(Recorded data)

-------------------------

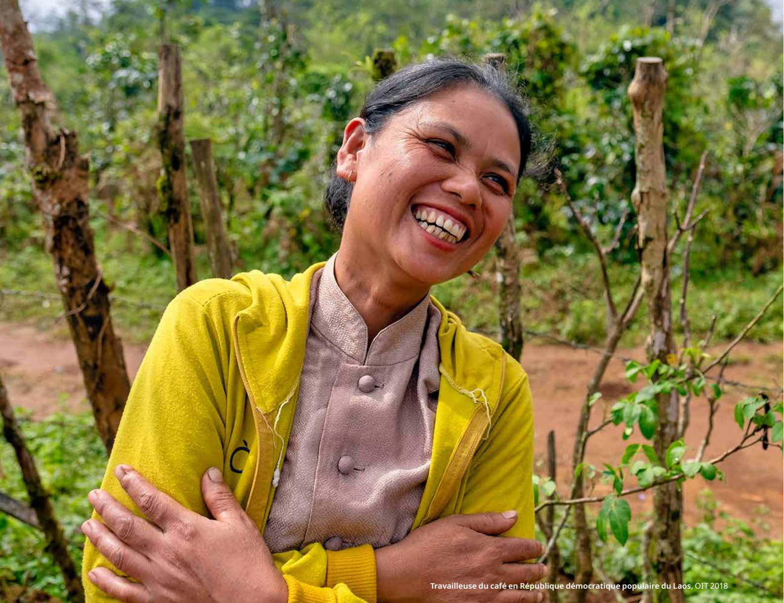
Travailleuse du café en République démocratique populaire du Laos, OIT 2018
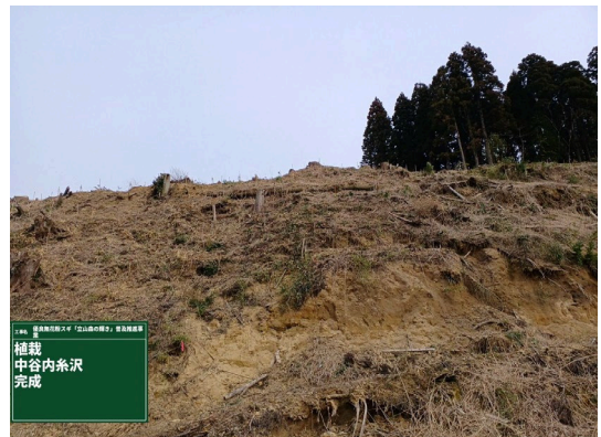
氷見市中谷内地内
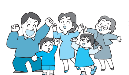
第三次行政改革大綱の最終年度である平成十七年度についても現在、積極的に行政改革推進に向け取り組んでいます。
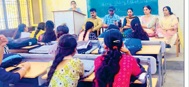
भिवानी। कार्यक्रम को संबोधित करती वक्ता।
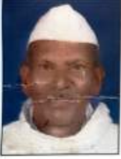
श्री भाऊरावकाका महल्ले शेलू खुर्द
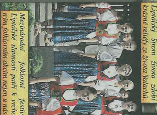
Mezinárodní folklorní festival Lipťácké slavnosti patří k vrcholným folklorním akcím nejen u nás.
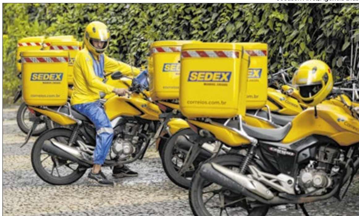
Plano de recuperação prevê empréstimo de até R$ 20 bilhões

Apesar da declaração de legalidade do movimento paredista, trabalhadores que paralisaram as atividades terão as faltas descontadas nos salários, em valores que serão divididos em três parcelas mensais, sucessivas e iguais, apurados de forma individualizada
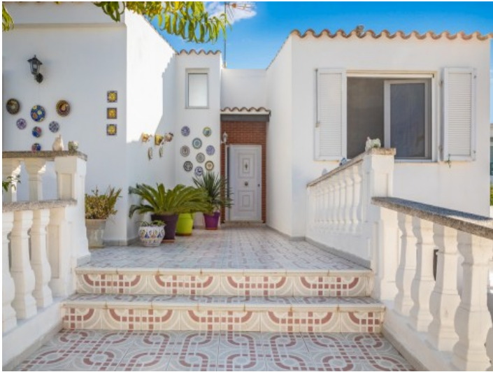
Hermosa casa con vistas panorámicas en Sol del Este
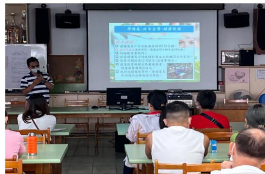
說明：新生座談會視力保健宣導
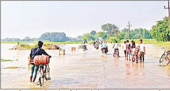
दतरंगवा डिप पर बह रहे बाढ़ के पानी से गुजरते लोग।
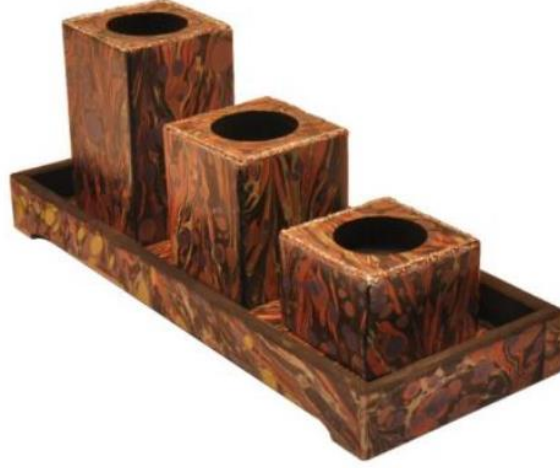
Őekil 1. Ebrulu Deri Mumluk
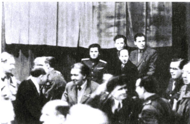
Представители прессы (в центре Илья Эренбург)
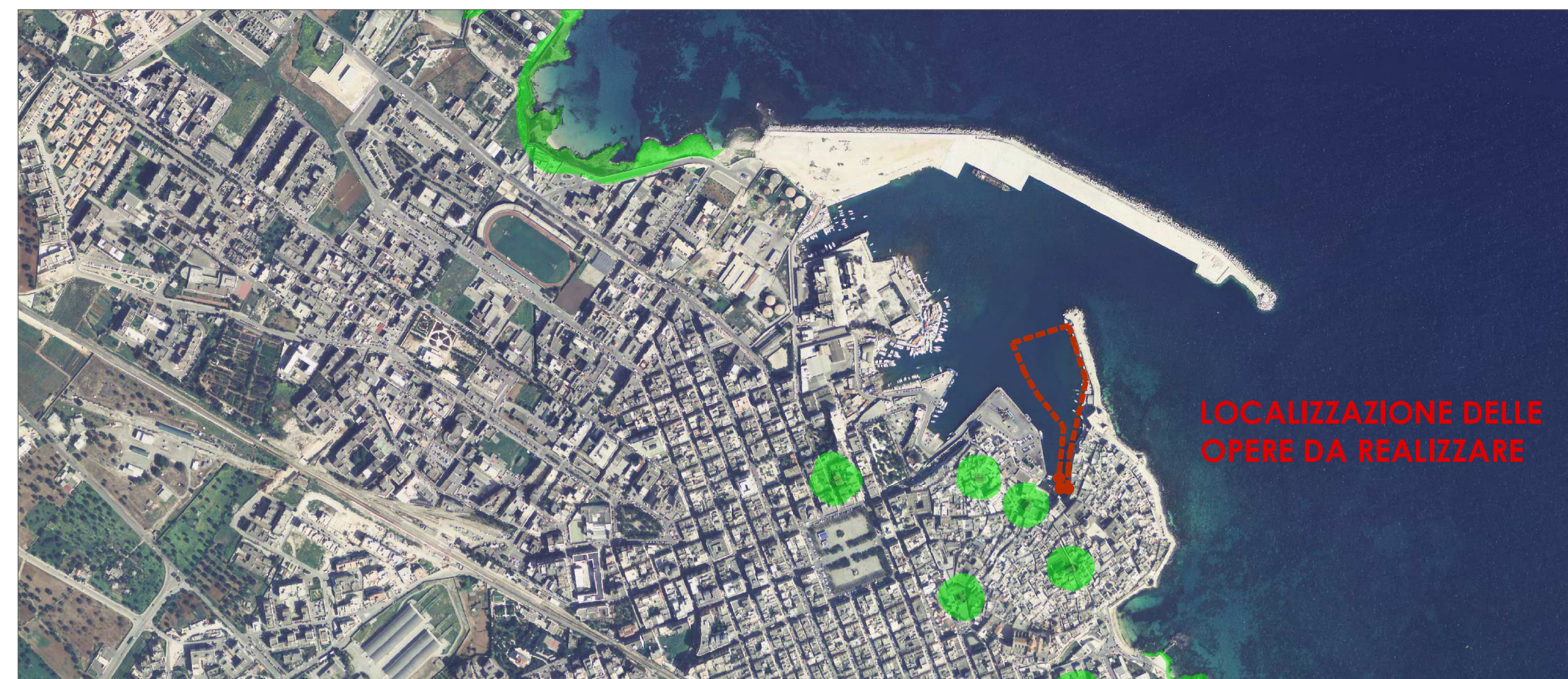
STRALCIO PAI - Pericolosità Geomorfológica SCALA 1:10000
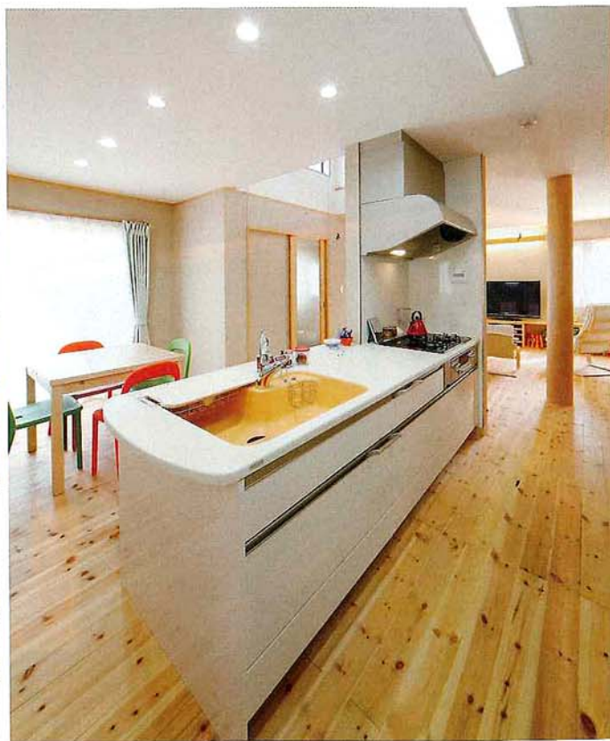
ご夫人が「このメーカーのキッチンでなければイヤ」とこだわったヤマハ製キッチン。カウンターの人造大理石は熱に強く、パンづくりには最適だという（このページの写真は全てT氏邸）
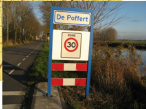
Op de topografische kaart van 1851-1855 is de kunstweg nog niet aanwezig. De foto uit 2010 toont de weg tussen Oostwold en De Poffert.

Veel scheepvaartverkeer richting Leek en Friesland kwam dus door Oostwold. Toen het Hoendiep in 1616 vanaf de Poffert tot aan Enumatil werd gegraven, heeft de Gave als doorgaande route voor de scheepvaart sterk aan belangrijkheid ingeboet.

-------------------------

◆ **What you need to do**
Above are the records. Copy word for word only their lines from the one holding "श्री भाऊरावकाका महल्ले शेलू खुर्द" through the one holding "Apesar da declaração", both included, and skip the images.

◆ **Output below**
श्री भाऊरावकाका महल्ले शेलू खुर्द
Mezinárodní folklorní festival Lipťácké slavnosti patří k vrcholným folklorním akcím nejen u nás.
Plano de recuperação prevê empréstimo de até R$ 20 bilhões

Apesar da declaração de legalidade do movimento paredista, trabalhadores que paralisaram as atividades terão as faltas descontadas nos salários, em valores que serão divididos em três parcelas mensais, sucessivas e iguais, apurados de forma individualizada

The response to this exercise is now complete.